There seems to be a lack of information out there, even with some TAC engineers, about how to prepare Cisco Unity to import subscribers from Exchange servers in AD domains different from the one in which Unity is installed. I've even had several Cisco engineers tell me that this is unsupported, which is totally false. As far as I know, these are the requirements for Unity with respect to multiple domains:


1) All Exchange servers from which you want to import subscribers must be in the same AD forest. Unity unified messaging does not work across multiple forests. Of course, you can still create voicemail boxes that are totally independent of AD, but that's not the point of unified messaging. Exchange servers in different domains in the same forest is not a problem, as long as the PES (see below) is in the same domain as Unity.

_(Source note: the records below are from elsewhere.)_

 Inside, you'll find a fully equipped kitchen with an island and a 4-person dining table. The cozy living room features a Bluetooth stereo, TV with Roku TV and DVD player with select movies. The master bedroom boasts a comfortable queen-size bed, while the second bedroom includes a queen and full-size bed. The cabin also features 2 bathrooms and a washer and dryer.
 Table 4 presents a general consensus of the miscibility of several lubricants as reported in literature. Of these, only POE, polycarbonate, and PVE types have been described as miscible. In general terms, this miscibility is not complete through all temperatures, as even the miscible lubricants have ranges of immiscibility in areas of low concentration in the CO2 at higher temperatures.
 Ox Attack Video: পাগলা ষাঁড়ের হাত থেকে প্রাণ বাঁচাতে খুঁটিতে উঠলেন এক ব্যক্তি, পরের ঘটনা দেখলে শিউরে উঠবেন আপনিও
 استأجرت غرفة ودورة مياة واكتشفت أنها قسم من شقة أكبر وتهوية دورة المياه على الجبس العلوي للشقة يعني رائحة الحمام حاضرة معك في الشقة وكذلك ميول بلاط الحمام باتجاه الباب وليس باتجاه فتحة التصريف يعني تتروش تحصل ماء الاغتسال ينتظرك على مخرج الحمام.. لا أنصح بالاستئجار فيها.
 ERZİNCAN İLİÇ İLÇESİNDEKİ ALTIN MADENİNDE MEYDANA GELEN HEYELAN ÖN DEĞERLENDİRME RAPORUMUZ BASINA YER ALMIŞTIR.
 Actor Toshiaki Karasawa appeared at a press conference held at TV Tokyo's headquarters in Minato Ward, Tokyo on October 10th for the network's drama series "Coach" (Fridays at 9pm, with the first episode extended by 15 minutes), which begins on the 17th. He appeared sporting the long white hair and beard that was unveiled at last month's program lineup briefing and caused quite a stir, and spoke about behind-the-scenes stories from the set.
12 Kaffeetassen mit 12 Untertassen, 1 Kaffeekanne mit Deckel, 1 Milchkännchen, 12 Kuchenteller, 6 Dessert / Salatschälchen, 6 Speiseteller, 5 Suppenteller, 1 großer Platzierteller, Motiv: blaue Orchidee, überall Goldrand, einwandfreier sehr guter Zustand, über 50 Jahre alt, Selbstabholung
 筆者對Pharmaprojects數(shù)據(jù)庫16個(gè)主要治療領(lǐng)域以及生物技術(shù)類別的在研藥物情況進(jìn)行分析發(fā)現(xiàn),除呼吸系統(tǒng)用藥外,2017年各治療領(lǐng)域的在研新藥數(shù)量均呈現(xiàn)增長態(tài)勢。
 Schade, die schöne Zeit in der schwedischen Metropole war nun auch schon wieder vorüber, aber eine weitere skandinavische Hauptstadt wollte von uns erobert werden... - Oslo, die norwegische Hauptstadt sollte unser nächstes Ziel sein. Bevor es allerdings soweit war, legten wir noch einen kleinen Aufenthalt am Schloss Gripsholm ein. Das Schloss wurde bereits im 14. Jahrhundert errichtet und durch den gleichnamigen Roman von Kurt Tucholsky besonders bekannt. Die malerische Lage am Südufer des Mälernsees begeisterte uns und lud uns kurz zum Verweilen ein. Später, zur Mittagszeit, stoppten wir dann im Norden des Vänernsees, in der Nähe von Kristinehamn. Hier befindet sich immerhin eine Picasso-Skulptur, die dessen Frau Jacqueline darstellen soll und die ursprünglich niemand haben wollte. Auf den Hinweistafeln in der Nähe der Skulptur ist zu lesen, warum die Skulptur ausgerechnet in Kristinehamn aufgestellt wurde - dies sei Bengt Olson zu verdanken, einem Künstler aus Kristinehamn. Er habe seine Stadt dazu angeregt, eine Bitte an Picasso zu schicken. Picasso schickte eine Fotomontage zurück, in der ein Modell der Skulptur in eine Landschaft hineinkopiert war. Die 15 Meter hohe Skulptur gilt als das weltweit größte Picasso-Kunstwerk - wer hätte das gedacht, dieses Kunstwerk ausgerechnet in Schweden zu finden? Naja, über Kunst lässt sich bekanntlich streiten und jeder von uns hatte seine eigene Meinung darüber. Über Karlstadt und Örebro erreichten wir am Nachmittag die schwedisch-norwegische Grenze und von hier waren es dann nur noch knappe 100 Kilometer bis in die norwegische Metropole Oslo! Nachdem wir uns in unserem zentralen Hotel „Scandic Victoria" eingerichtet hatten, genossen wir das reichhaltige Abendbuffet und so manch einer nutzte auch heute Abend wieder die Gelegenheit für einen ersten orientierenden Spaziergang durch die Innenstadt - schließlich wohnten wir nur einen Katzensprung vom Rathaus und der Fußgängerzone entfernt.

2) The Unity server(s) must be installed in the same Active Directory domain as the partner Exchange server, or PES. You specify the PES during the Unity install process. It can be changed with the Message Store Integration Wizard. The PES must have Exchange routing group connectors to all other Exchange servers from which you want to import subscribers. More info on changing the PES is here.

3) You must run the Permissions Wizard on the Unity server while logged in as an account that can set permissions in all the domains containing Exchange servers from which you want to import subscribers. This might require running the PW multiple times under different accounts. This works fine. You may need to add a domain admin account from another domain to the local admin group on the Unity server. When you run PW from accounts in different domains, it will probably fail on some of the domains. This is because you probably won't have a single account that has all the required permissions in all the domains. You just need to continue running PW under different accounts until it has succeeded in all the domains that have Exchange servers from which you're importing subscribers.